▸ Your objective
From the line containing "이 자료에는 협의회 업체" through the last line of the data, both ends included, write out every line exactly; omit the pictures.

** Dataset content follows **

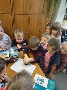 Podczas wizyty mali goście zwiedzili bibliotekę i poznali różne jej działy. Największe zainteresowanie wzbudziły półki z bajkami i książkami dla najmłodszych.
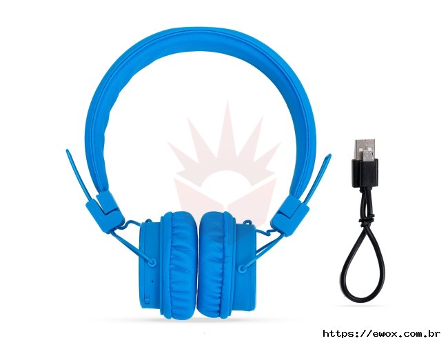 Headfone estéreo, material em plástico resistente com haste revestida de espuma e alças ajustáveis com fone giratório. E
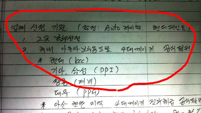 이 자료에는 협의회 업체 선정기준으로 현재 천안, 아산지역의 80~85%를 장악하고 있는 A업체와 H업체를 잠정업체로 선정하고 ㄷ업체와 ㅎ업체는 공식딜러권이 없다는 이유로 배제 시켰다.
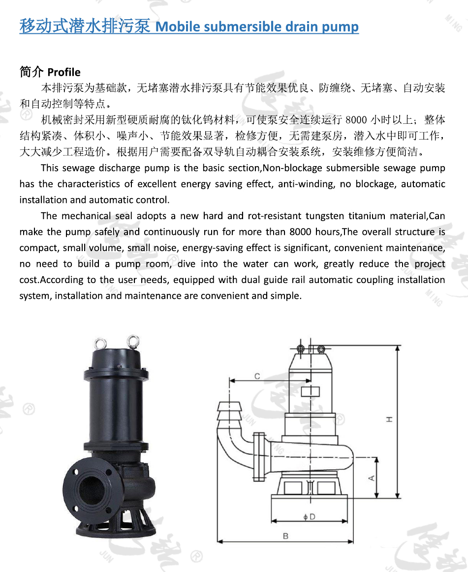 本排污泵為基礎(chǔ)款,無堵塞潛水排污泵具有節(jié)能效果優(yōu)良、防纏繞、無堵塞、自動安裝和自動控制等特點。

** End of Dataset content **

▸ Finished task
 이 자료에는 협의회 업체 선정기준으로 현재 천안, 아산지역의 80~85%를 장악하고 있는 A업체와 H업체를 잠정업체로 선정하고 ㄷ업체와 ㅎ업체는 공식딜러권이 없다는 이유로 배제 시켰다.
 本排污泵為基礎(chǔ)款,無堵塞潛水排污泵具有節(jié)能效果優(yōu)良、防纏繞、無堵塞、自動安裝和自動控制等特點。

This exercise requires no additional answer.